With More Experience, CAR T-cell Therapies Come Into Better Focus

The FDA approved the first chimeric antigen receptor (CAR) T-cell therapy in August 2017, with 5 additional therapies approved in the years since.¹ The approvals of these CAR T-cell therapies have changed the treatment landscape for several hematologic malignancies, including diffuse large B-cell lymphoma, acute lymphoblastic leukemia, and multiple myeloma.

However, this game-changing treatment is not without adverse effects, according to Kai Rejeski, MD, of the Memorial Sloan Kettering Cancer Center.

“This is a therapy that is a living drug,” Dr. Rejeski said. “There are interactions between the host and the genetically modified T cells that persist for months and years after the infusion.”

Although each of the approved therapies—axicabtagene ciloleucel, brexucabtagene autoleucel, lisocabtagene maraleucel, idecabtagene vicleucel, ciltacabtagene autoleucel, obecabtagene autoleucel—has a slightly unique safety profile, many of the short-term and long-term effects of CAR T-cell therapy overlap.

Blood Cancers Today recently spoke with several physicians familiar with CAR T-cell therapy–related toxicities about identifying and managing these risks.

CRS, ICANS, Cytopenias

When CAR T-cell therapies were first studied and approved, the most significant and concerning toxicities were cytokine release syndrome (CRS) and immune effector cell–associated neurotoxicity syndromes (ICANS).

CRS and ICANS are estimated to occur in at least half of patients with hematologic malignancies who undergo CAR T-cell therapy,^2,3 although not all cases are severe, and rates can vary with specific therapies.

According to Tania Jain, MBBS, director of the Immune Effector Cell Therapy Program at Johns Hopkins University, rates of CRS and ICANS have not necessarily changed in the years since these therapies were first approved, but clinicians’ comfort level with managing these toxicities has.

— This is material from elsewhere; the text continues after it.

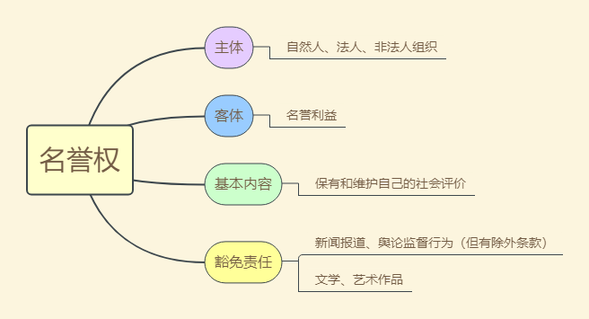 法人的名誉权内容与公民的名誉权相比,由于其不具有如公民一般的情感,所以其内容有所狭窄,主要包括:

“When we were initially studying CAR T, it was unclear whether or when we could use [mitigation strategies like] steroids or tocilizumab, and if they would affect the efficacy of the CAR or not,” Dr. T. Jain said. “We have since learned more and know that we don’t have to wait for these to progress to grade 3 or beyond before treating.”

Dr. Rejeski agreed, “We still observe these side effects, but the rate of high-grade CRS has diminished over time. We proactively, or in some cases prophylactically, treat for these.”

Although there has been some connection between CRS and the efficacy of CAR T-cell therapy, one recent study found that development of CRS does not affect survival or response in lymphoma-directed therapies.⁴

“When we started out 7 or 8 years ago, we worried that CRS was necessary for the efficacy of CAR T cells, but the pendulum seems to have swung in the other direction,” said Michael Jain, MD, PhD, ICE-T medical director in the Moffitt Cancer Center Department of Blood and Marrow Transplant and Cellular Immunotherapy. “In tumor models and in mice, there are studies that indicate we may be able to uncouple CRS from efficacy of CAR T cells and envision a world without CRS in the future.”

As clinicians have gained a better understanding of CRS and ICANS, they have also identified consequential toxicities related to cytopenias and other hematologic complications.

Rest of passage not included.